Bundle yourself up and go for

a jog. You can burn calories, increase blood flow, and give your heart and lungs a boost. Walking is also a great stress reducer

Be adventurous and plan a little hiking trip to spice things up and explore new vistas.

Social activities like going bowling or a taking dance class can keep things interesting. Something new can make physical activity less of a chore.

If you have access to an indoor pool, Go swimming! Jump in for your mental and physical health.

If you are someone who finds the morning is too cold, and by evening you’re too tired, Look for ways to integrate exercise into your day. 

At lunchtime, throw on a scarf and go for a brisk 20-minute walk. Try a lunchtime boxing or yoga class. These breaks will warm you up and are a great way to revitalise your mind and get you ready for a productive afternoon.

Stay on top! Stay fit! Getting back on track after winter passes can be so frustrating. Some days are harder to get motivated and get moving. Your mindset in the morning has a huge impact on the whole day. 

Go out an make today amazing! 

Q: Feel like you’re running on empty? Do you reach a plateau in the middle of the day?

Boosting energy levels is all about getting the right type of food, exercising properly, and making certain lifestyle decisions that will leave you better prepared to take on the day. 

We have compiled some tips and interesting facts to help you to boost your energy levels throughout the day:

✅ Don’t forget breakfast, even if you’re not hungry. Breakfast is probably the most important meal of the day in terms of energy. It gets your metabolism going and is probably the one meal that you can afford to splurge on. Breakfast primes you for the rest of the day.

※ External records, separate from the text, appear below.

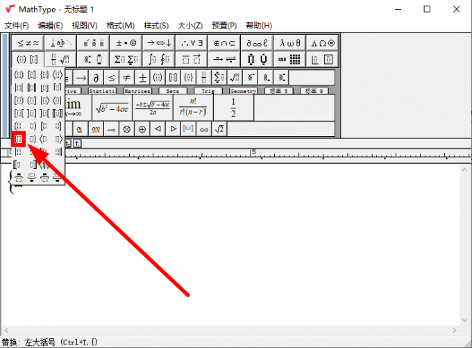 1、打开mathtype,点击第二行第一个括号分割符,会出现一个符号列表,其中红色箭头所示的位置是左大括号。
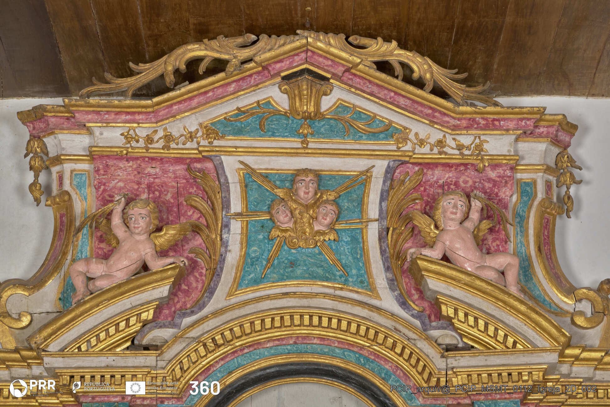 Matéria/Técnica: Madeira entalhada dourada e polícroma / Entalhamento e douramento; Cronologia: 1783-1786; Autoria: Frei José Santo António Vilaça; Dimensões (cm): 600 x 456 x 66.
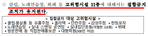 그리고 여전히 표에서 보시는것처럼 사회적 거리두기 2단계에서는 클럽과 노래방, 뷔페, 주점 등은 고위험시설 11종으로 분류되어서 이용이 불가능합니다.

Researchers have even found that a little breakfast cereal in the morning is linked to lower amounts of the stress hormone cortisol.

If you’re worried about weight, don’t skip breakfast. Have a complete breakfast, a smaller lunch, and perhaps a snack for dinner. Eating in the morning is far preferable to eating at night for people trying to lose weight.

✅ Get more fibre into your diet. Fibre releases energy at a slow, steady rate, unlike simple carbohydrates, for example, giving your body more energy to work with over a longer time.

Avoid processed carbs such as white bread, cookies, and pasta as they cause your blood sugar to spike, then crash, leaving you exhausted. At least 50 percent of your diet should come from carbohydrates, but opt for complex ones like fruits, veggies, and whole grains.

✅ Eat plenty of healthy fats. People are scared of fats, and sometimes justifiably so. But not all fats are created equal. 

Omega-3 fats especially, but also monounsaturated fats, can be healthy and even energy-rich. Omega-3 fatty acids, found in nuts, fish, and certain vegetable oils. It will help you feel mentally alert in addition to giving your diet a healthy makeover.

✅ Don’t forget to EXERCISE. ?Like they say “You need to use energy to make more energy”!!!

Exercise improves health, mood, and your ability to sleep as well as feel energized. If you don’t exercise regularly, try fitting a little bit of exercise into your daily routine. Even just walking for 30 minutes a day can be a huge boost to your health and energy levels.

✅ STAY HYDRATED with water during the day. Doctors and scientists alike believe that drinking water is a key component to being healthier and feeling more energized during the day.

✅ Increase daily intake of magnesium. Eating fish or bran cereal increases your magnesium intake which in turn, increases your energy levels.

✅ Enough rest time!!

SLEEP ? 7-8 hours when you can, can have a big effect on not only rejuvenating and repairing your body but dramatically boosting your energy levels and endurance for the day ahead.